Today is Laquan McDonald’s birthday. Had he not been murdered by a Chicago police officer, he would be turning 23. I marked the occasion this morning by rereading Eve Ewing’s poem “I saw Emmett Till this week at the grocery store,” which beautifully evokes the unfathomable loss of a single life that might have been, were it not extinguished by racist violence.
No narrative strategy, no matter how inspired, can make good such losses. The essence of human rights reporting is to rigorously document past atrocities in order to reduce the likelihood they will recur in the future. That is what we sought to do in 16 Shots.
“It’s always someone else's story first,” Rebecca Solnit has written, “and it never stops being their story too, no matter how well you tell it, how widely you spread it.” In the case of 16 Shots, the story of a child executed by police on the streets of Chicago ultimately became the story of a city struggling to come to terms with structures of racist violence that deform its common life. That story remains radically unfinished.

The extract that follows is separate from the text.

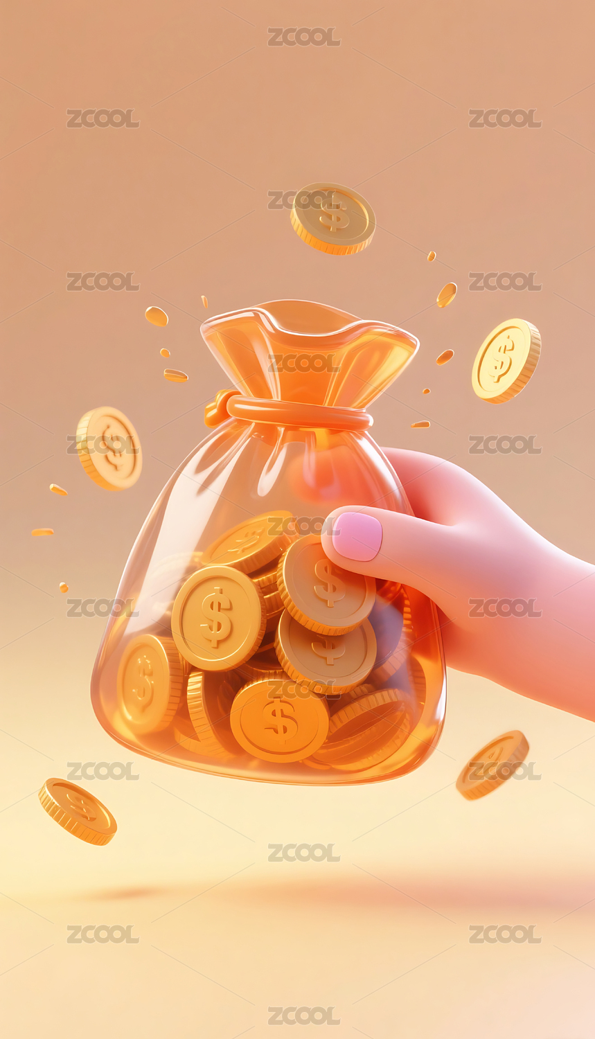 3D手拿橙色透明钱袋和金币模型

In accepting the Emmy Award, Rick Rowley ended his expression of thanks with these words:
Lastly and most importantly, to the people of Chicago, to the victims of police violence, to those struggling for justice, this story, this film, this award—they belong to you.
Jamie Kalven
September 25, 2020
This summer, the Invisible Institute designed a remote summer jobs program for Chicago Public Schools high school seniors. Called “You Are Not Alone,” the program created occasions for students to interview seniors living in Chicago Housing Authority buildings about their lives.
The MarketBox program, a collaboration between the organizations at 6100 S. Blackstone, will continue through the harvest season, providing fresh produce, eggs, and bread from 20 local farms to 200 households each week. Our recurring list of recipients is the basis for a network for distributing critical information from the South Side Weekly and Invisible Institute via the weekly food bags and phone bank. Our goal to sustain the program through the end of October is $40k.
Trina Reynolds-Tyler, who worked at the Invisible Institute from 2016-2018 before attending the Harris School of Public Policy, has rejoined the organization as Director of Data. In that role, she will continue her long-term investigations into gender violence by Chicago police officers and will to make our CPDP.co data and analysis useful to those most directly impacted by unconstitutional policing.
Among recent media appearances, Jamie Kalven discussed the Chicago Police Department’s new early intervention system on Chicago Tonight; and Trina and Jamie participated in a Fox-32 series titled “Voice of Change.”